(TASK INPUTS begins)

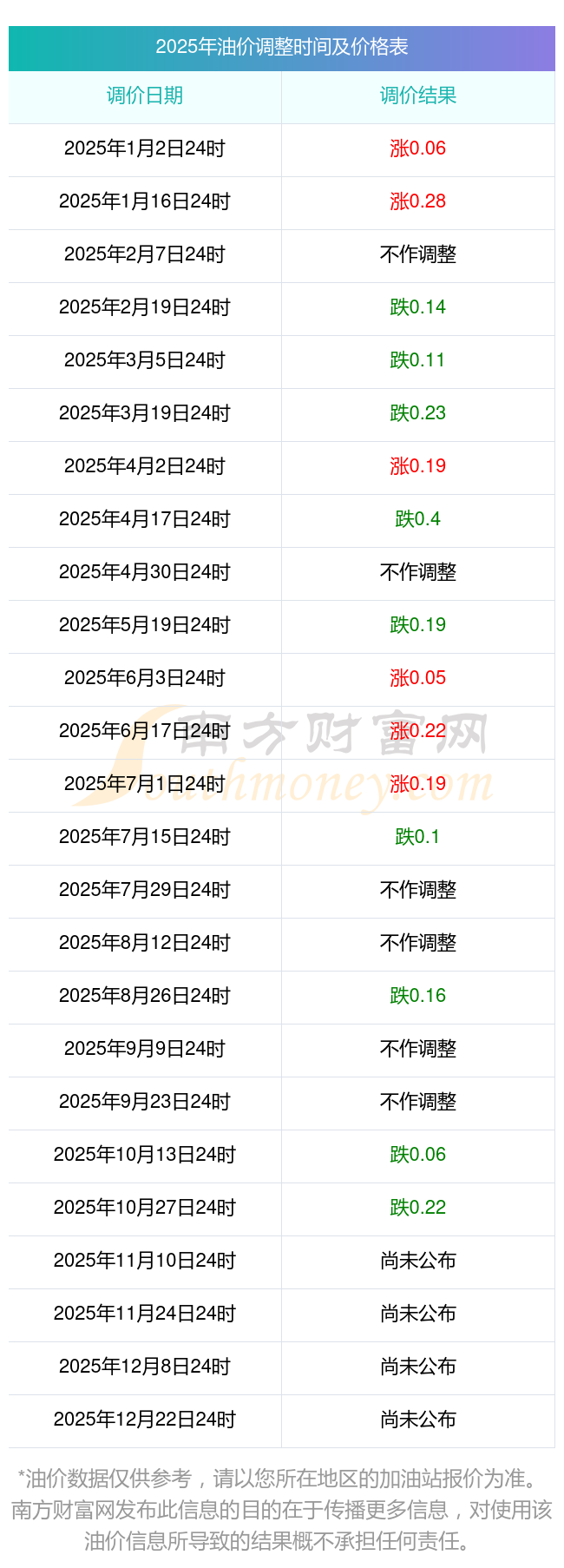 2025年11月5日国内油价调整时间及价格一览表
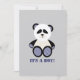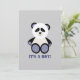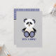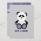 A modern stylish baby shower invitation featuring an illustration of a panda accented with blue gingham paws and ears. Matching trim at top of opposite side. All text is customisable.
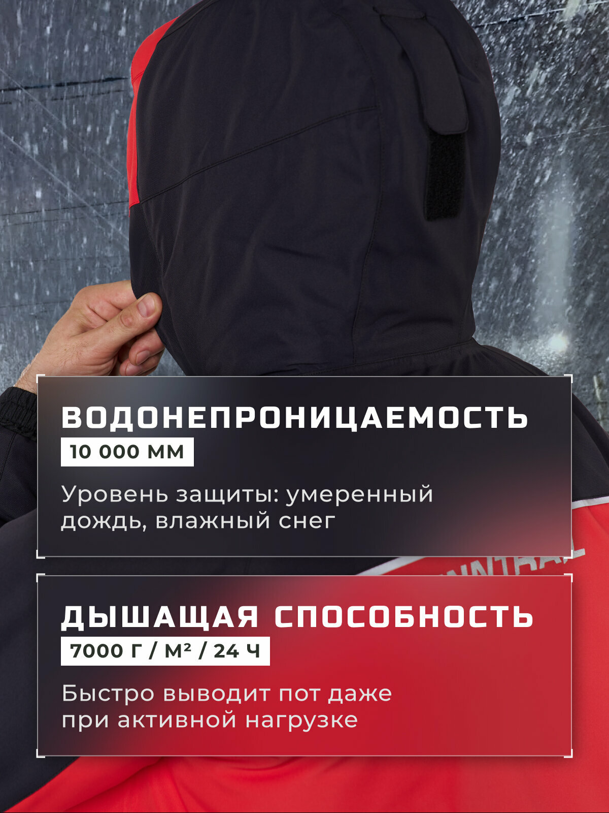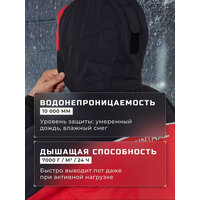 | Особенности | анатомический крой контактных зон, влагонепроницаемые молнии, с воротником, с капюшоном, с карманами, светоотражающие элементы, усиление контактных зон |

(TASK INPUTS ends)
(TASK INPUTS begins)

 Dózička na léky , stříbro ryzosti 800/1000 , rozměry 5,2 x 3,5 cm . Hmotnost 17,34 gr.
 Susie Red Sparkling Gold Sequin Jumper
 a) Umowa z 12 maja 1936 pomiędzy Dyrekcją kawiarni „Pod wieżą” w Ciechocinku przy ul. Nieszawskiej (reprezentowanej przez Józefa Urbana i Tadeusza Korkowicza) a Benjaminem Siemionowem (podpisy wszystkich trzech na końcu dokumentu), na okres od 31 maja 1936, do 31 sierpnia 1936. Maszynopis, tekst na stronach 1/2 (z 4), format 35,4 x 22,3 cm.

(TASK INPUTS ends)

Return the material from the line containing "A modern stylish" through the line containing "контактных зон |", exactly and in full, but without its pictures.

### ANSWER AREA
 A modern stylish baby shower invitation featuring an illustration of a panda accented with blue gingham paws and ears. Matching trim at top of opposite side. All text is customisable.
 | Особенности | анатомический крой контактных зон, влагонепроницаемые молнии, с воротником, с капюшоном, с карманами, светоотражающие элементы, усиление контактных зон |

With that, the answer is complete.